Bien qu’aussi largement pourvu en noms sonores qu’en espèces sonnantes, il était, bien entendu, dubiæ nobilitatis , une locution par laquelle la politesse du temps désignait ceux dont la roture n’était rien moins que douteuse. Son père, un plumitif affamé des environs de Lavaur, était arrivé à Rouen sans sou ni maille, mais avec une de ces facondes, une de ces outrecuidances gasconnes qui suffisent aux enfants de la Garonne pour pousser partout, comme disait le grand roi Henri. D’un poste infime des gabelles, M. Tuvache, — il n’était que Tuvache alors, — était rapidement arrivé à un emploi supérieur.

A force de râcler le plancher des greniers à sel, il avait ramassé quelques centaines de mille livres. Elles lui servirent à pénétrer dans l’intimité de Jean Duval de Bourguebus, alors seigneur de Colleville et conseiller au Parlement de Normandie, un robin qui s’était donné la tâche de faire fleurir à Rouen les mœurs de la cour; il prêta généreusement son argent à ce magistrat coureur de ruelles, mais sans oublier ses sûretés.

Lorsque le conseiller mourut, laissant des affaires un peu plus qu’embrouillées et deux enfants, un fils et une fille, le Tuvache daigna accepter le fief de Colleville en remboursement de ce qui lui était dû, et il fit mieux, il proposa au tuteur d’épouser Mlle de Bourguebus, afin que le bien ne sortit pas tout à fait de la famille; en face de la ruine des enfants du conseiller, cela pouvait passer pour de la générosité.

On lui livra la jeune personne, que l’on projetait de mettre en religion, et, du même coup, le maltôtier se trouva pourvu d’une seigneurie, d’un beau placement et d’une femme qui lui donnait tous les parlementaires normands pour alliés; sans compter que son action magnanime lui valait l’admiration de ses concitoyens.

Son fils, celui qui doit figurer dans cette histoire, lui succéda dans sa charge et dans ses ambitions.
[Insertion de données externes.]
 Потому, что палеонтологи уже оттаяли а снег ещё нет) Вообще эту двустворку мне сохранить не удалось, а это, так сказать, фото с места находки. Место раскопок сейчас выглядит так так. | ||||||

Peut-être modifia-t-il, comme la voix publique l’en accusait, les antiques procédés de ses devanciers par un trait de génie, en inventant le mélange d’une espèce de sable de roche au sel de Sa Majesté ; toujours est-il que son ascension vers la fortune fut encore plus rapide que ne l’avait été celle de son père.
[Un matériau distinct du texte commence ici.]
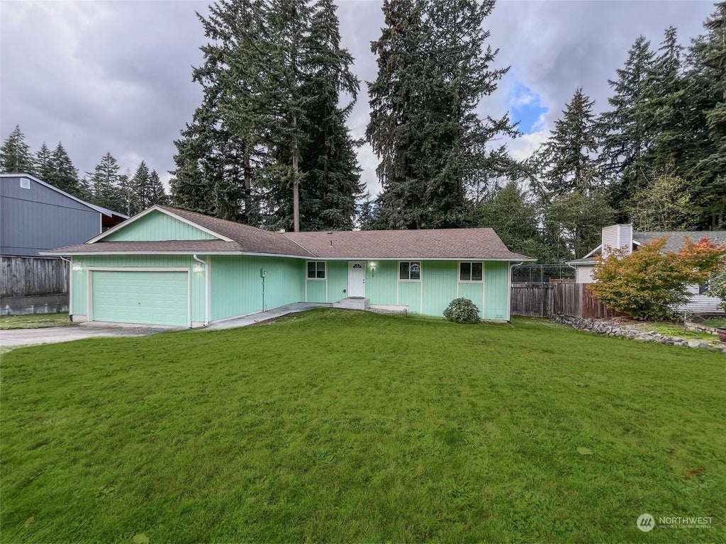 Perfectly tucked away in a quiet neighborhood is this beautiful 1,214 SqFt Rambler. Newly painted exterior, large deck w/brand new weather proof decking, 2 car garage. Side access gate to the backyard allowing RV/boat/add. parking. Fully fenced, .24 acre lot backs up to a green belt adding stunning territorial views and backyard privacy. Inside you will find 4 bedrooms 1.5 bathrooms with LVP and carpet flooring throughout, tastefully updated bathrooms, and a cozy wood burning fireplace. You will quickly forget you are just minutes away from entertainment, shopping, restaurants.
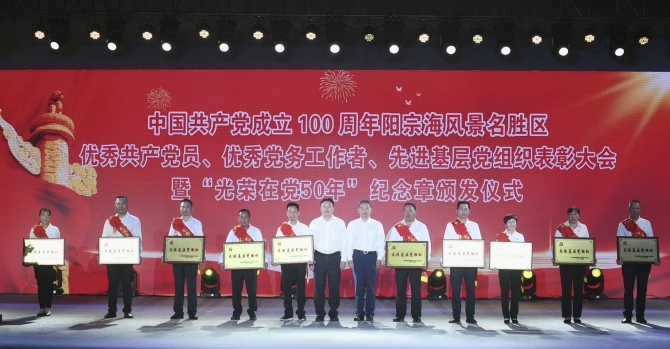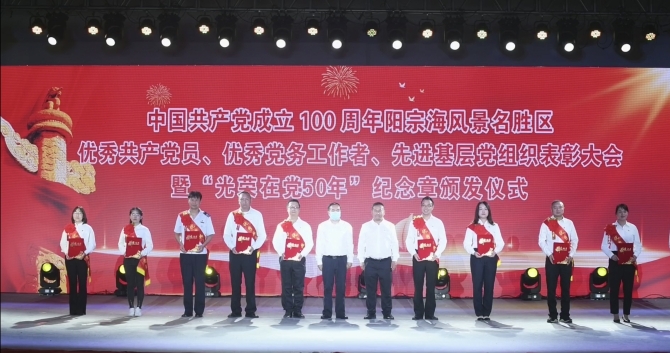 昆明信息港讯 记者龙泉积 6月27日,昆明阳宗海风景名胜区举行庆祝中国共产党成立100周年“两优一先”表彰大会、“光荣在党50年”纪念章颁发仪式。现场,表彰全区各条战线涌现出的优秀共产党员、优秀党务工作者和先进基层党组织,动员各级党组织和广大党员以先进典型为榜样,筑牢政治忠诚,强化示范引领,建功新时代,奋进新征程。
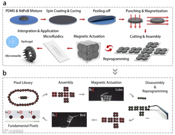 近日,清华大学深圳国际研究生院弥胜利教授团队报道了一种像素组装式的磁控柔性驱动器的制备工艺,可应用于低成本、可回收、可重编程的磁控驱动器的构建,实现定制化结构变形与仿生运动(抓取、游泳、蠕动等),并集成微流控功能模块可用于开关阀控制、曲率调节、动态芯片结构与液体药物输送机器人等。
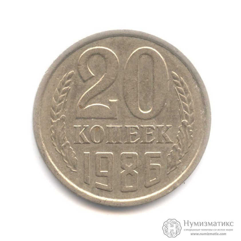 Монета регулярного выпуска «20 копеек 1986 года».Советский Союз (1961-1991) (СССР).Медь-Никель-Цинк.
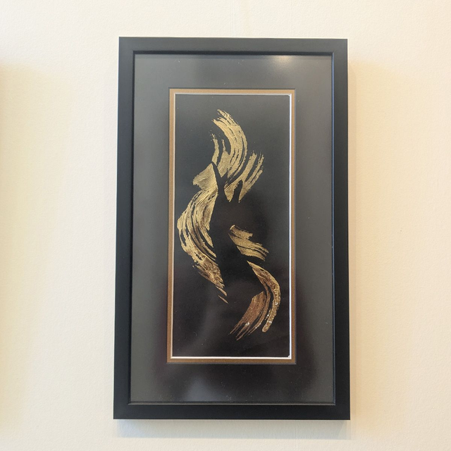 Cadre noir avec son double passepartout noir et or et sa vitre anti reflets.
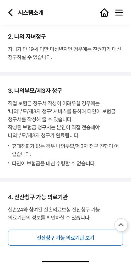 또한 위에도 적었지만 모든 의료기관이 참여하고 있는 것이 아니라 전산청구 가능한 의료기관을 확인해 보시면 좋을 것 같습니다.
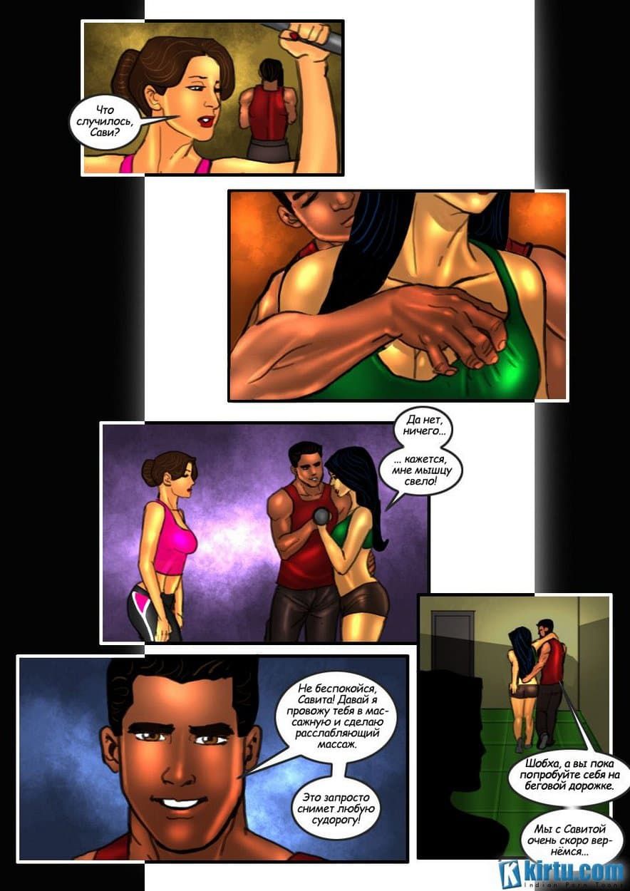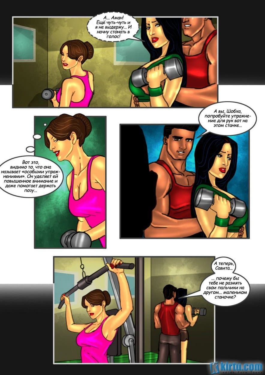 Эро комикс о Савите Бхабхи. Часть двадцатая: Секс – тренинг. Смотря на картинки секс комикса для жаждущих возбуждения людей, вы узнаете, как подруга Шобха просит Савиту научить ее искусству соблазнения. Савита предлагает ей посетить ее занятия в спортзале вместе с профессиональным тренером по физической подготовке.

En 1748, outre des biens meubles considérables, il avait acquis la terre de Chastel-Chignon, en Anjou, quelques maisons à Rouen, et il avait encore arrondi le domaine de Colleville par l’adjonction de plusieurs fermes qu’il avait successivement achetées de son oncle, M. de Bourguebus, lequel, de son côté, ne suivait pas moins pieusement que le fils de sa sœur les traditions bien différentes que lui avaient léguées l’auteur de ses jours.

Ce Tuvache, IIe du nom, était de bonne heure resté veuf avec une fille unique. Cette fille avait alors dix-sept ans, il songeait à l’établir; mais la fièvre de l’enrichissement le tenait d’une façon si absolue, que, s’il se préoccupait avec quelque anxiété des bénéfices matériels qu’il pouvait tirer de cette affaire, il ne songeait pas le moins du monde à consulter les petites idées que Mlle Denise, c’était le nom de son enfant, pouvait nourrir sur cette question intéressante.